■ **Information supplied**

·····

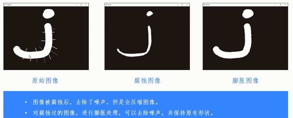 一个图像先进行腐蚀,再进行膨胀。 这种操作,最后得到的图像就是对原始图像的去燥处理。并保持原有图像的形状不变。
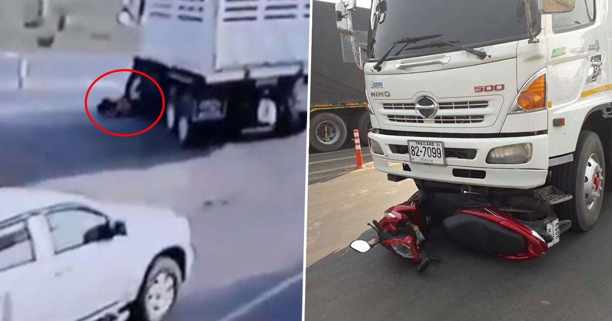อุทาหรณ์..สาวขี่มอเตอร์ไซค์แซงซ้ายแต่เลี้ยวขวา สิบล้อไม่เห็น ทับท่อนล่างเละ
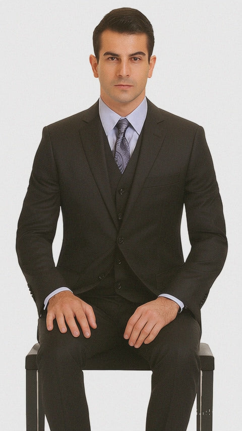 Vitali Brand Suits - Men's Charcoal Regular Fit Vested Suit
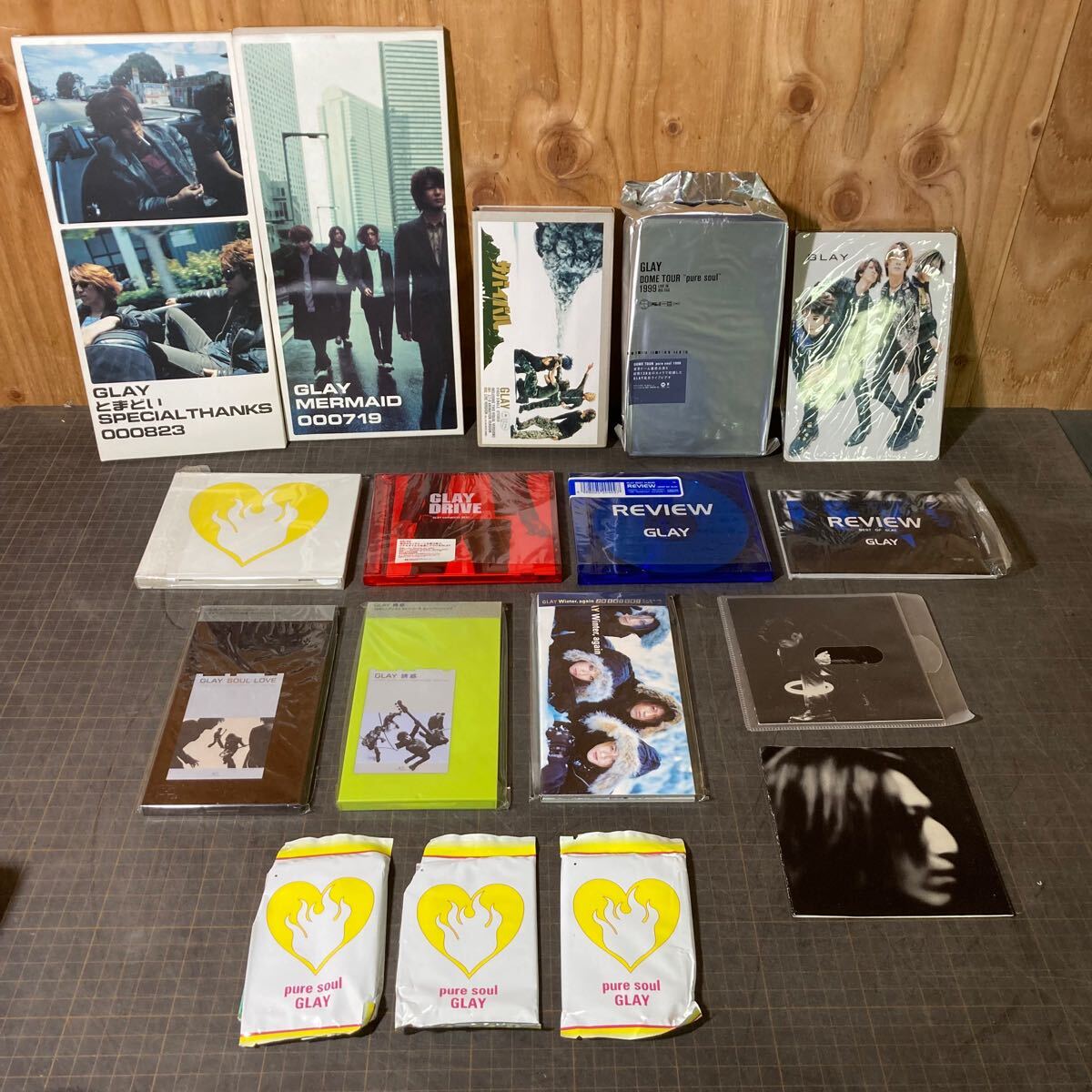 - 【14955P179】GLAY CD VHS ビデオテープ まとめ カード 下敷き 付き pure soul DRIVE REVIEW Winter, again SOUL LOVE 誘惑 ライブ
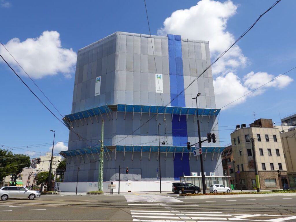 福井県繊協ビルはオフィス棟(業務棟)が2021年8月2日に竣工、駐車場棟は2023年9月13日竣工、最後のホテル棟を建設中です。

·····

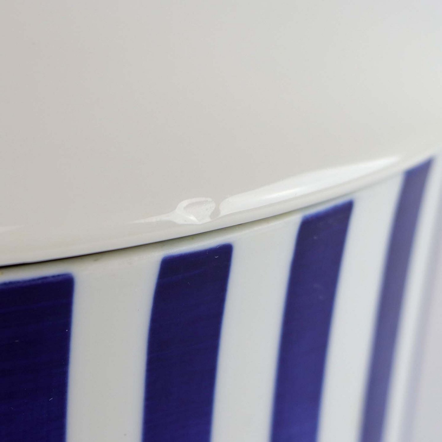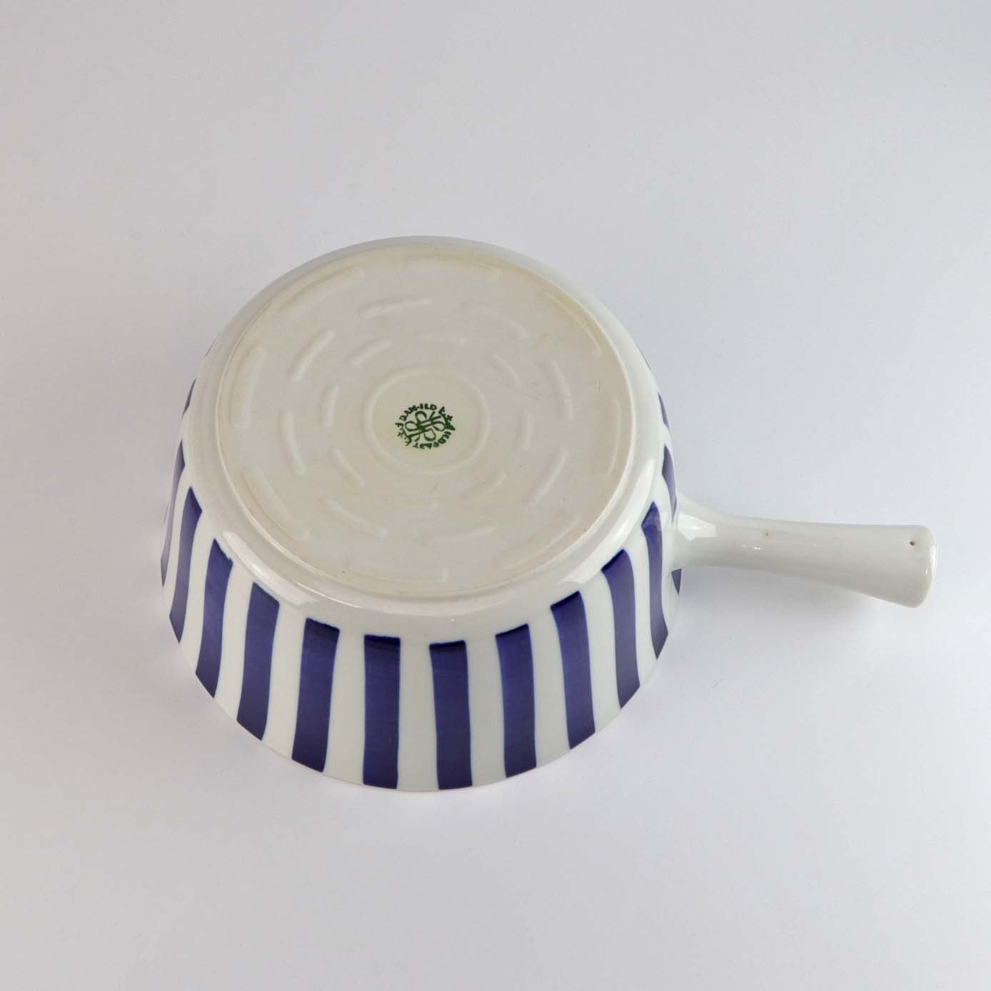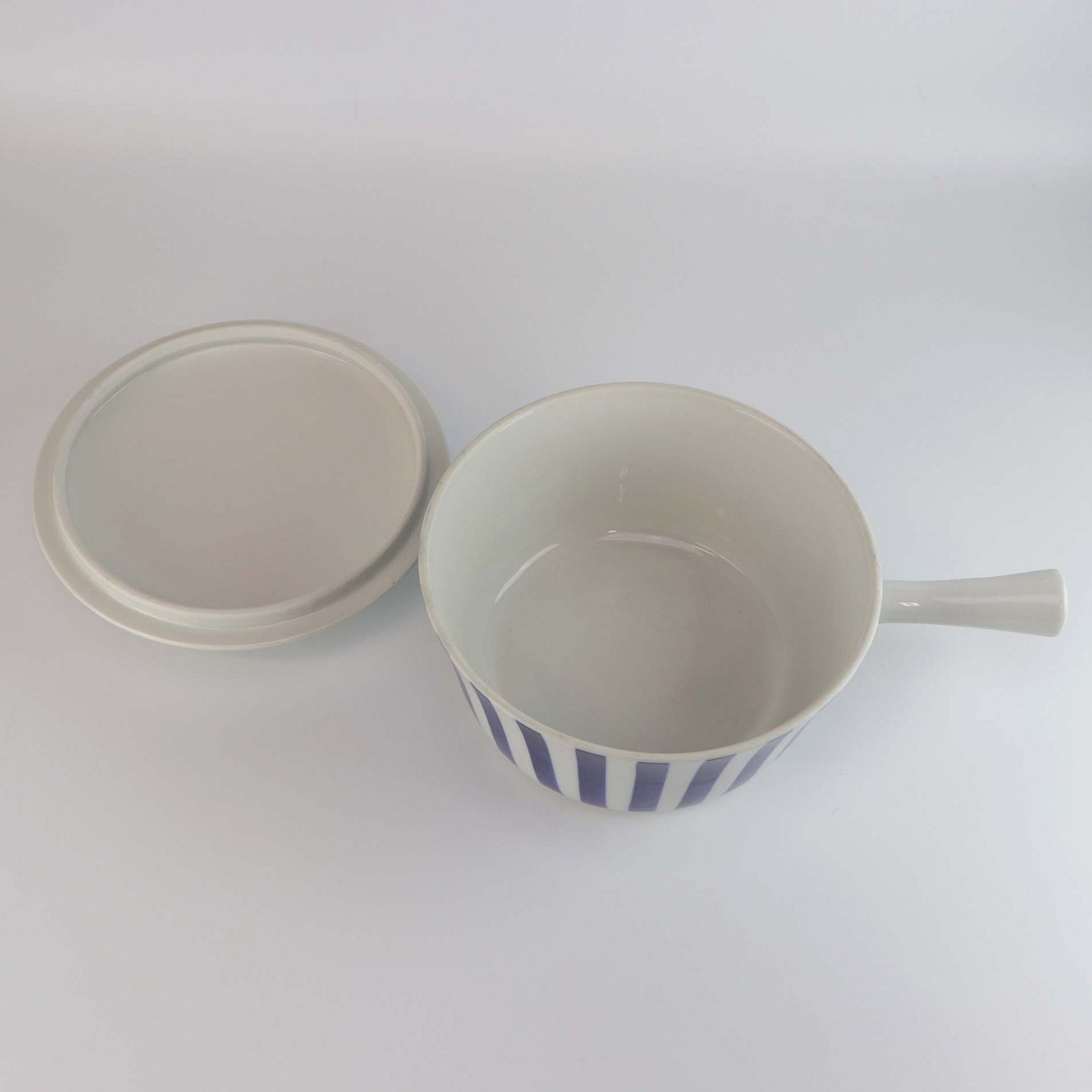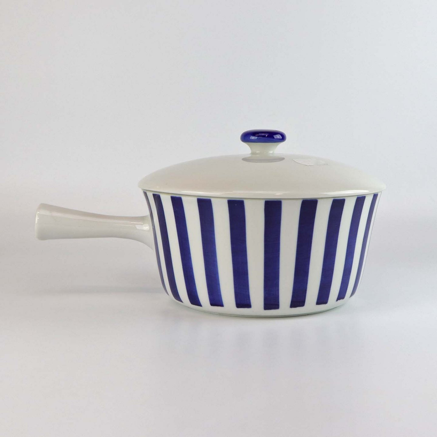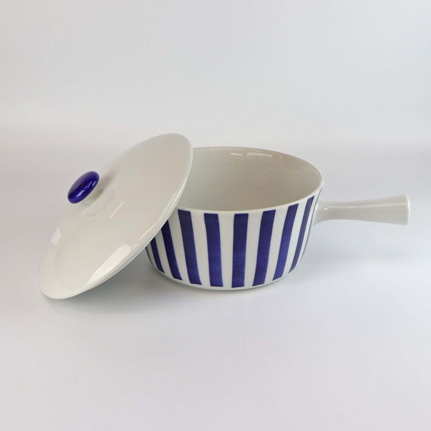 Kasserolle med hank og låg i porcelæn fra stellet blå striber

·····

■ **The task**
Please return the material above only from the line that holds "Vitali Brand Suits" through the line that holds "福井県繊協ビルはオフィス棟(業務棟)が2", exactly as it stands, ends included and pictures omitted.

■ **Solution for this task**
 Vitali Brand Suits - Men's Charcoal Regular Fit Vested Suit
 - 【14955P179】GLAY CD VHS ビデオテープ まとめ カード 下敷き 付き pure soul DRIVE REVIEW Winter, again SOUL LOVE 誘惑 ライブ
 福井県繊協ビルはオフィス棟(業務棟)が2021年8月2日に竣工、駐車場棟は2023年9月13日竣工、最後のホテル棟を建設中です。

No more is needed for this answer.